Militär: Russland stellt keine gesteigerte Bedrohung dar – Sipri- Rüstungszahlen

Die Mär von der russischen Bedrohung wird gerne in den Leitmedien und in der Politik vorgegaukelt, um die Rüstungslobby zu befriedigen. Wie folgende Fakten zeigen, stellt Russland keine Bedrohung dar.

Die weltweiten Militärausgaben sind wieder leicht gestiegen, auf 1,69 Billionen Dollar. Das meldete das schwedische Friedensforschungsinstitut Sipri am 24. April in seinem jährlichen Bericht über die Rüstungsausgaben. Spitzenreiter ist danach die USA mit 611 Milliarden Dollar vor China mit 215 Milliarden Dollar und Russland mit 69,2 Milliarden Dollar. Die Bundesrepublik wird mit 41,1 Milliarden Dollar auf Platz Neun ausgemacht.
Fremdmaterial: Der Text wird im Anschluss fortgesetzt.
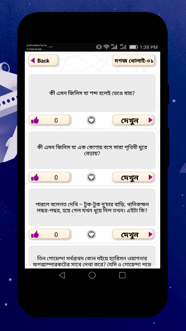 আর এই এপস এ আর ও পাবেন মজার রাতের ধাঁধা, বিয়ে করা বউ কে নিয়ে গোপন ধাঁধা । আমাদের মধ্যে এমন কোন মানুষকে খুঁজে পাওয়া যাবে না যে বিনোদনের আসর ও মজার ধাঁধা পছন্দ করে না। আমাদের এখানে আমরা সাড়াজাগানো সকল বাংলা ধাঁধা নিয়ে এই অ্যাপ টি করেছি যেখানে সুধু বিনোদনই নয় বরং আপনার জ্ঞান পরিধিকে বারিয়ে তুলবে।

Die russischen Militärausgaben sind im Zusammenhang mit der Sicherheitslage des Landes und im Vergleich zu den US-Rüstungsausgaben unterdimensioniert. Das stellt der Abrüstungsexperte Otfried Nassauer im Sputnik-Interview fest. Er warnt vor einer erneuten Rüstungsspirale und fordert die Rückkehr zu Entspannungspolitik und Vertrauensbildung.

 

Auch Linken-Politikerin Sahra Wagenknecht zog den Vergleich in einer Rede im vergangenen März und zeigte, dass die USA deutlich mehr Geld in die Rüstung stecken als Russland. Gleichwohl kritisierte Wagenknecht auf den Rüstungsetat Russlands. Sie forderte wieder eine Rückbesinnung auf die Ost-Politik von WillyBrandt und Egon Bahr.